Ed Dolan's Econ Blog

The Conservative Case for Carbon Dividends: A Bad Marriage of Two Good Ideas?

As a firm supporter of both carbon taxes and a universal basic income (UBI), you would think that I would be thrilled by the new report, The Conservative Case for Carbon Dividends, released Wednesday by the Climate Leadership Council (CLC).  It puts a price on carbon like a good carbon tax should, and it gives people a monthly dividend, as a UBI would do. But when I look at the proposal as a whole, I’m not as thrilled as I ought to be. I’m afraid it’s a bad marriage of two good ideas.

What’s good about the Carbon Dividend

There are some very bright guys behind the CLC proposal—Martin Feldstein, Greg Mankiw, Hank Paulson and more. They have the best of intentions. Their proposal is a conservative analog of the Carbon Fee and Dividend plan from the more liberal Citizens’ Climate Lobby (CCL). Both plans would impose a tax on carbon emissions and distribute the proceeds equally as unconditional payments to all citizens. Both plans would gradually raise the tax over time. The CLC plan would start a little more aggressively, at $40 per ton rather than $15. That part of it is fine by me.

The CLC plan also has a few add-ons that the CCL version does not. It proposes a rollback of other carbon emission regulations that would be made redundant by the tax. (The release is vague about exactly which regulations would go. I hope ethanol mandates and CAFE standards are on the hit list.) The CLC also proposes rebating the carbon tax to exporters and imposing it on the carbon content of imports. There is some logic in that, although it might take some careful drafting the make the proposal compliant with WTO rules.

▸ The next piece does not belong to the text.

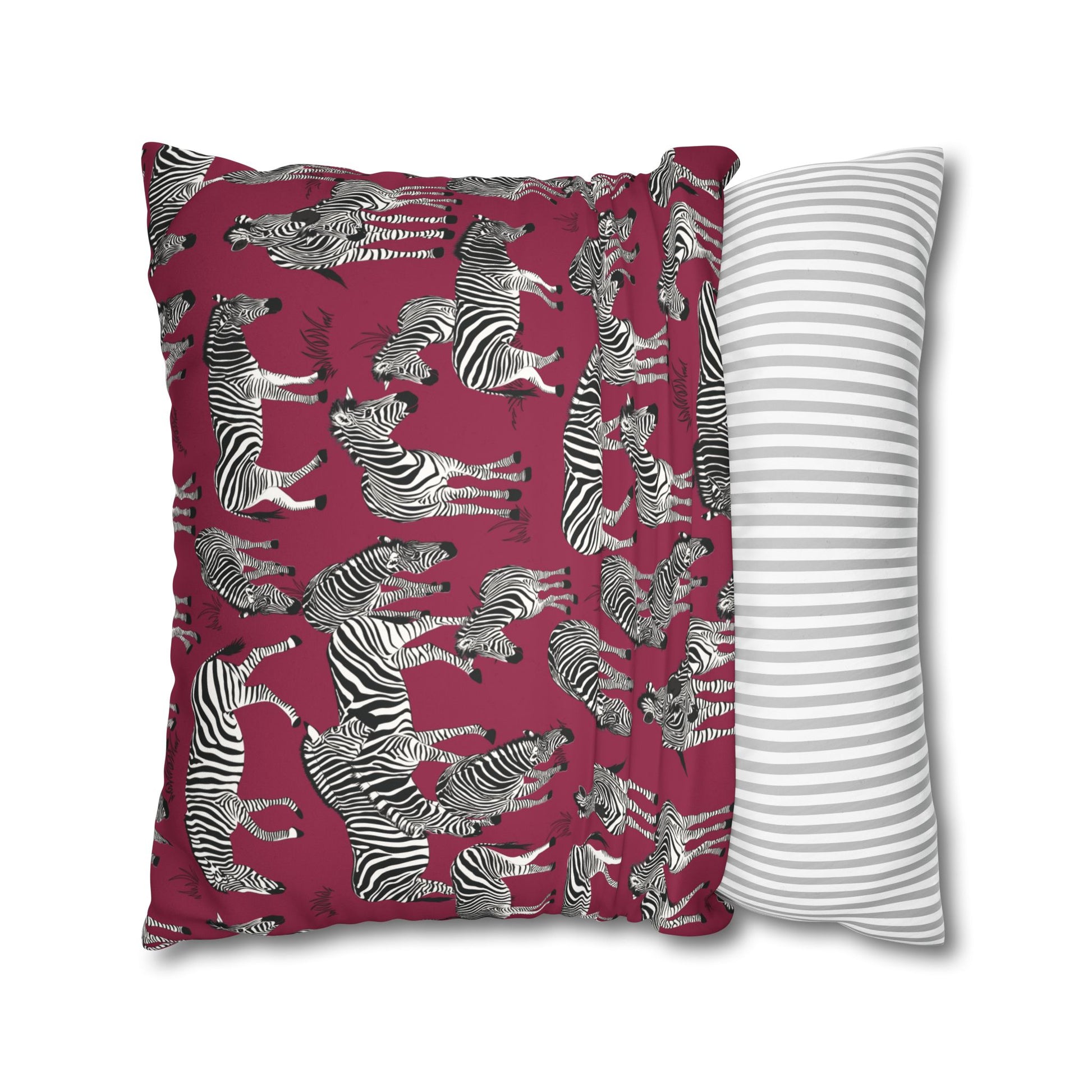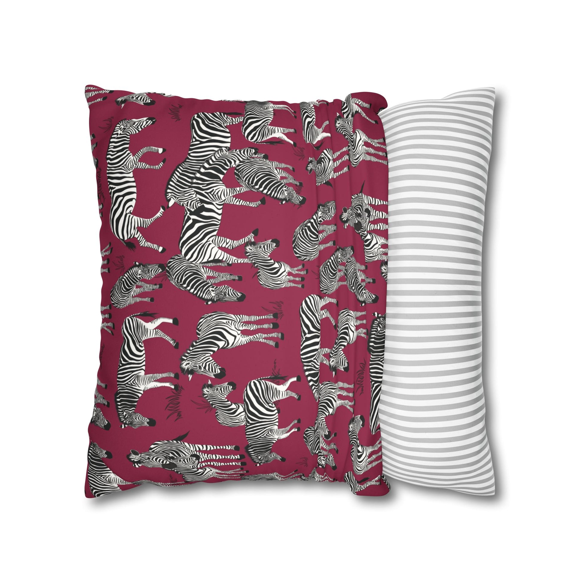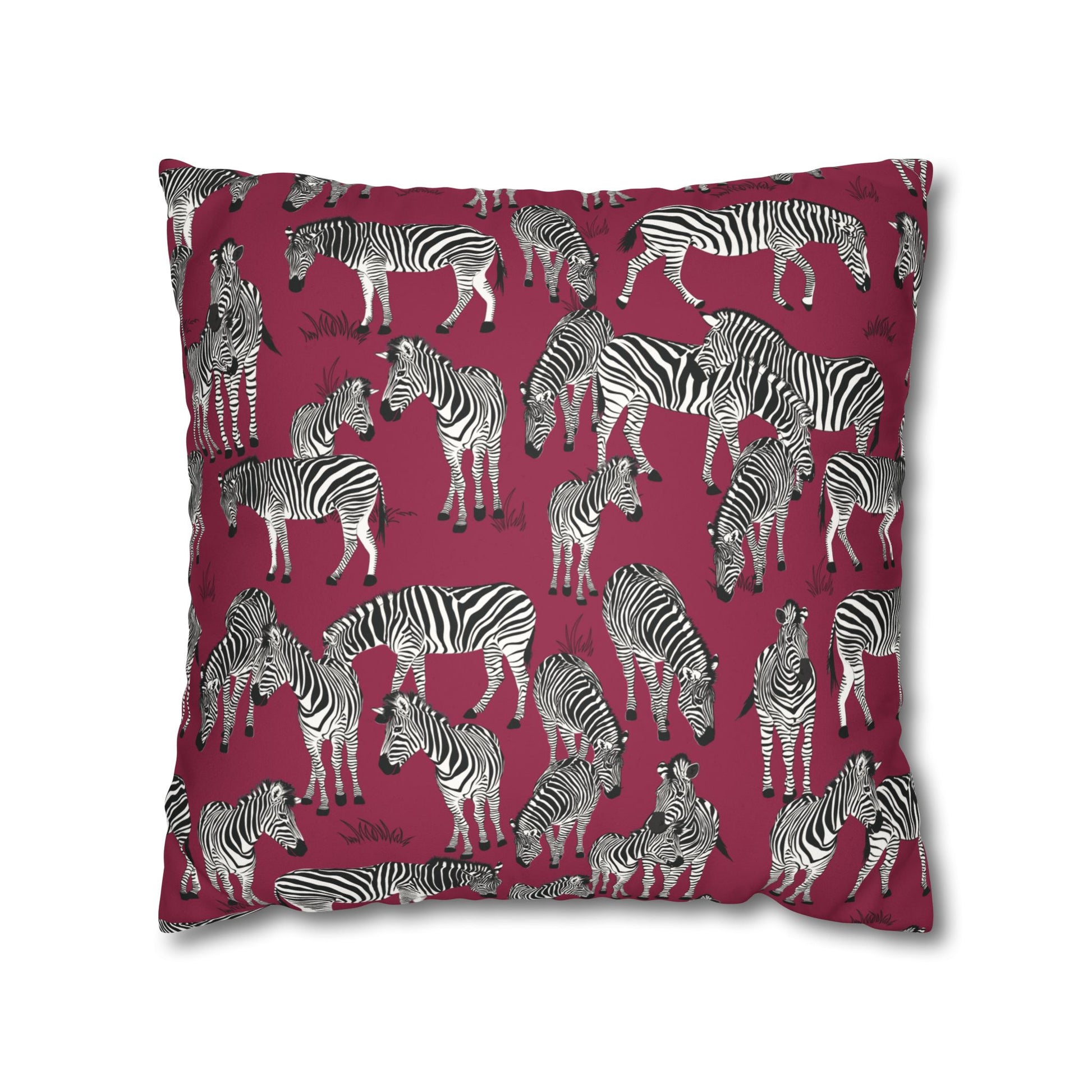 Zebra Herd Lux Faux Suede Throw Pillow Cover – 18" x 18" & 20" x 20" (Crimson Berry)

What’s bad: The incentive problem

My main problem with both the CLC and CCL proposals, though, is the idea of rebating the proceeds of the carbon tax directly to households rather than integrating both elements of the tax-and-dividend scheme into a more general reform of taxes and transfers. My objection is not to the idea of revenue neutrality as such—I’m all in favor of that. Rather, the problem is one of incentives.

First, let’s look at the tax side. The CLC proposal says, reasonably enough, that “an ideal climate strategy would simultaneously reduce carbon emissions and steer America towards a path of more durable economic growth.” It is a bit of a stretch to say that a carbon tax by itself would do that. Yes, it would improve efficiency in the long run compared to the current command-and-control approach to climate regulation. In the short run, though, it would make some operations uncompetitive, lead to the scrapping of some plant and equipment, and in the process require a lot of people to move from job to job and place to place. There would be frictional costs on the road to efficiency.

Instead,  the carbon fee is made tax-neutral by using revenues to reduce other taxes that have strong disincentive or mis-incentive effects. My favorite candidates are the payroll tax, which is highly regressive and discourages work by low-skill workers, and the corporate income tax, which is not as progressive as people think and encourages corporations to move offshore and do lots of other silly things.

Revenue from a $40-and-rising carbon tax such as the CLC proposes would allow substantial reductions to the marginal rates of both taxes. Since both workers and corporate shareholders would see their after-tax incomes rise, the distributional effects would not be all that much different from sending a check to every household, but the incentive effects via lower marginal tax rates would be far more favorable. Republicans and Democrats in Congress could arm-wrestle to decide which tax gets the greater share of the reductions.

Now look at the dividend side. I have nothing against giving everyone a nice government bonus every month. That is exactly what a universal basic income is. But to produce the maximum beneficial effect on work incentives, the UBI should replace existing transfer programs, not be added on top of them.

For low-income families, the UBI should replace programs like, for example, food stamps (SNAP). Right now, SNAP takes back 30 cents for every extra dollar you earn. That is a big disincentive to someone working a minimum wage job. To improve work incentives, a UBI should replace food stamps—not in a way that reduces the total resources of low-income families, but in a way that gives them what they need without penalizing work effort.

Higher up the income scale, the UBI should replace other “middle class welfare” like the mortgage interest deduction. Not in a way that takes away resources that middle-class families might need to buy a home, but in a way that gives them a benefit that is more distributionally fair, because it helps renters as well as  homeowners and is not biased so much toward people with million-dollar residences. (See this earlier post for a complete explanation of how a UBI would replace other transfers and tax expenditures.)

The bottom line

When we look at both elements of the tax-and-dividend approach together, we see that they amount to half of a revenue-neutral carbon tax and half of a UBI. Why not go for the whole things? A true revenue-neutral carbon tax that uses its revenues to replace other taxes with far worse incentive effects. A true UBI that uses its universal dividend to replace other transfer programs, which also have far worse incentive effects.